Exercise materials |
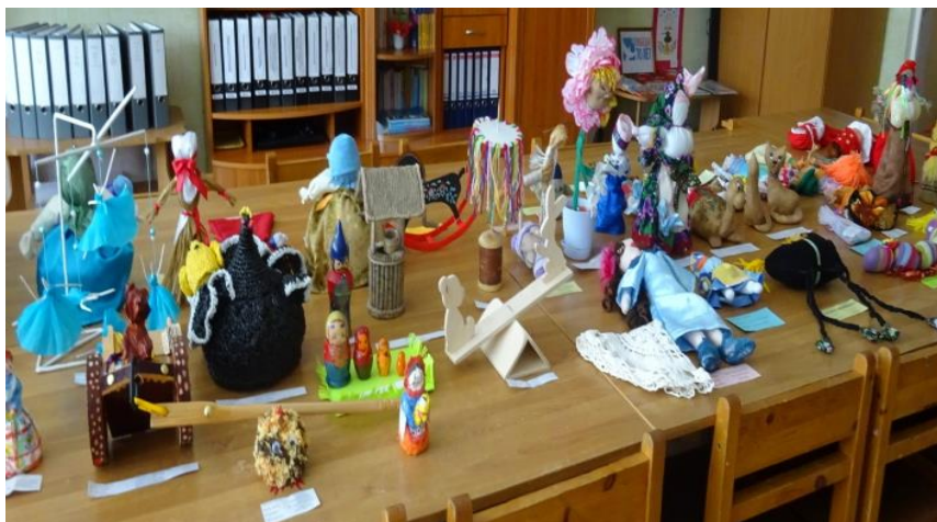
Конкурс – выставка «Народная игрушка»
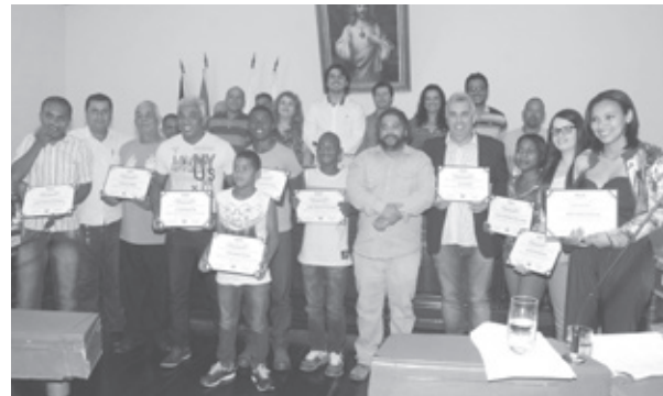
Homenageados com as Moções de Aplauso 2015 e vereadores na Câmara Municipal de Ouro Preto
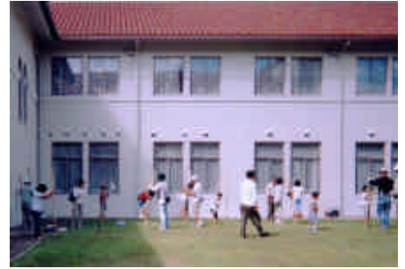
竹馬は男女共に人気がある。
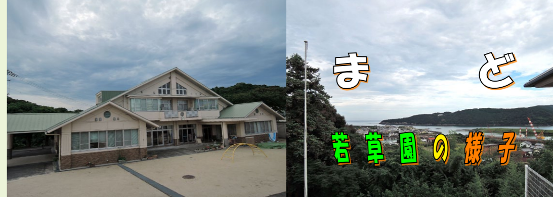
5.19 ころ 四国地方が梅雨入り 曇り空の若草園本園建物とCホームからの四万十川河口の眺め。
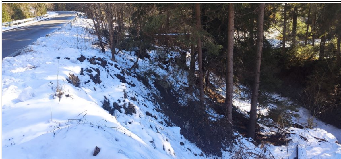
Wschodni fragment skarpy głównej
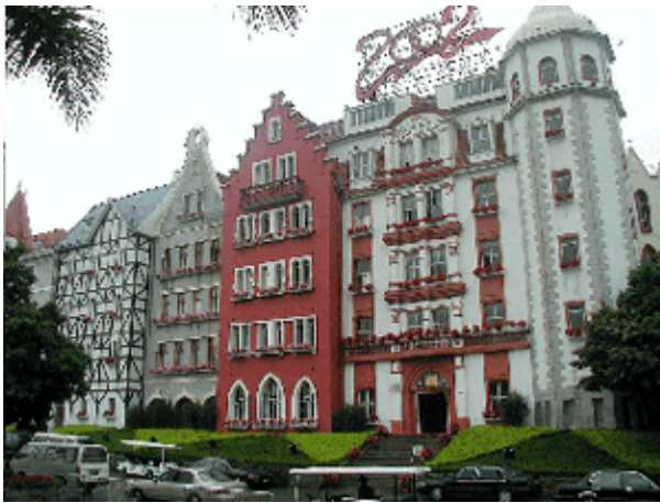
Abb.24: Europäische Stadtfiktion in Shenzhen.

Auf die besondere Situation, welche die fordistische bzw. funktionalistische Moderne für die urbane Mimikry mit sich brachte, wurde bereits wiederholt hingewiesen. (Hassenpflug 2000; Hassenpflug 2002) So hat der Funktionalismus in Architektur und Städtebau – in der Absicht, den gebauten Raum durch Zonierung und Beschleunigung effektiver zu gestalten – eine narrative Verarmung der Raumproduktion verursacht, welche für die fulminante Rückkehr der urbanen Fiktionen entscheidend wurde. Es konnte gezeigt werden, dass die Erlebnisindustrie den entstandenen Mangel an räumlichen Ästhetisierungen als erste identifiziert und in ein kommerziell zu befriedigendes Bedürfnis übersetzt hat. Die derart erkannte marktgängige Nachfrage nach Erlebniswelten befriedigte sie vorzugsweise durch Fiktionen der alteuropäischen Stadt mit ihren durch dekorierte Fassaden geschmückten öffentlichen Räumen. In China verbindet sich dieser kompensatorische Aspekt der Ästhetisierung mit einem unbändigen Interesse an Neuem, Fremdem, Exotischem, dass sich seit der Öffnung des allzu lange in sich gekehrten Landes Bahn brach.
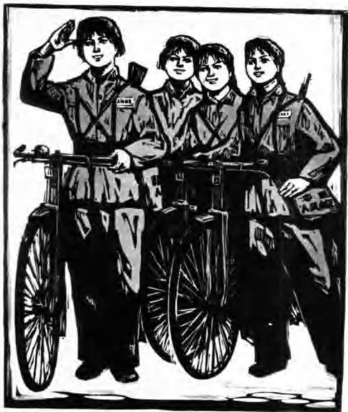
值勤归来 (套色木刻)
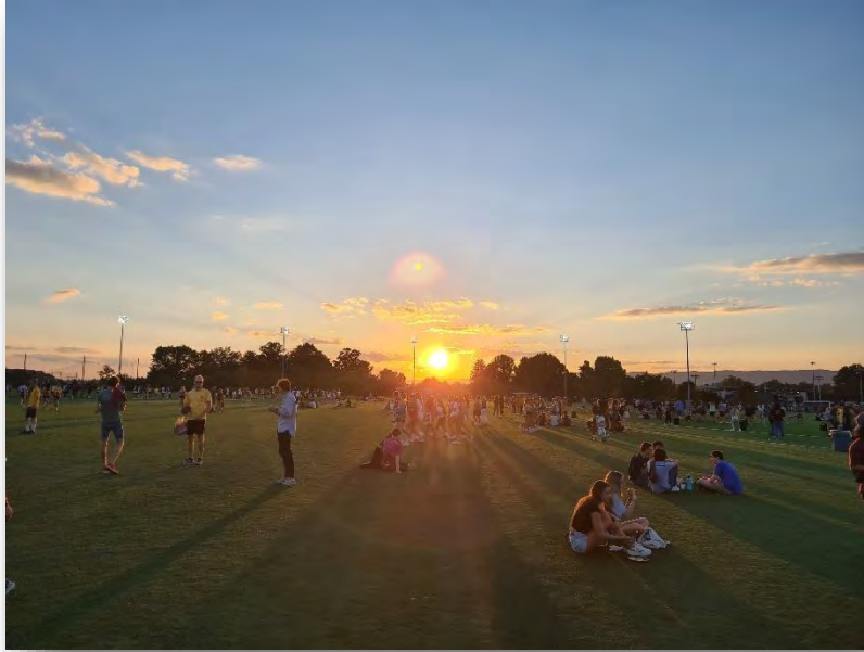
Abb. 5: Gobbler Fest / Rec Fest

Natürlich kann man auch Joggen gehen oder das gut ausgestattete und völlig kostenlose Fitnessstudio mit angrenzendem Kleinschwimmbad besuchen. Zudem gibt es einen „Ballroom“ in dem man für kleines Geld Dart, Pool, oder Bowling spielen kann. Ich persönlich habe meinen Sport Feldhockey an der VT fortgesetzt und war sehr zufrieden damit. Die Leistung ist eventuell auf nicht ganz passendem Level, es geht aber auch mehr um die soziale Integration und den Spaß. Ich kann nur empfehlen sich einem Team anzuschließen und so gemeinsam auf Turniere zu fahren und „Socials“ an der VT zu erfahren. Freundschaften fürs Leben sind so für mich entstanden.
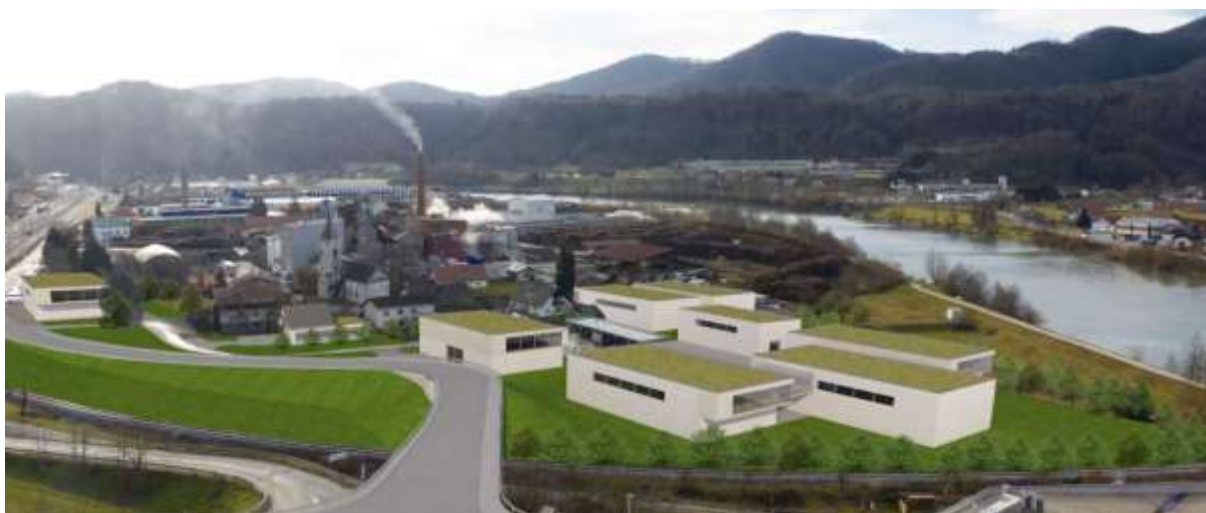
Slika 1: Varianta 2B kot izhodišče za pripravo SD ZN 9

Exercise brief | Output only the lines above from the line that holds "Homenageados com as" through the line that holds "Abb.24: Europäische Stadtfiktion in Shenzhen.", both ends included, and exclude pictures.

Written answer |
Homenageados com as Moções de Aplauso 2015 e vereadores na Câmara Municipal de Ouro Preto
竹馬は男女共に人気がある。
5.19 ころ 四国地方が梅雨入り 曇り空の若草園本園建物とCホームからの四万十川河口の眺め。
Wschodni fragment skarpy głównej
Abb.24: Europäische Stadtfiktion in Shenzhen.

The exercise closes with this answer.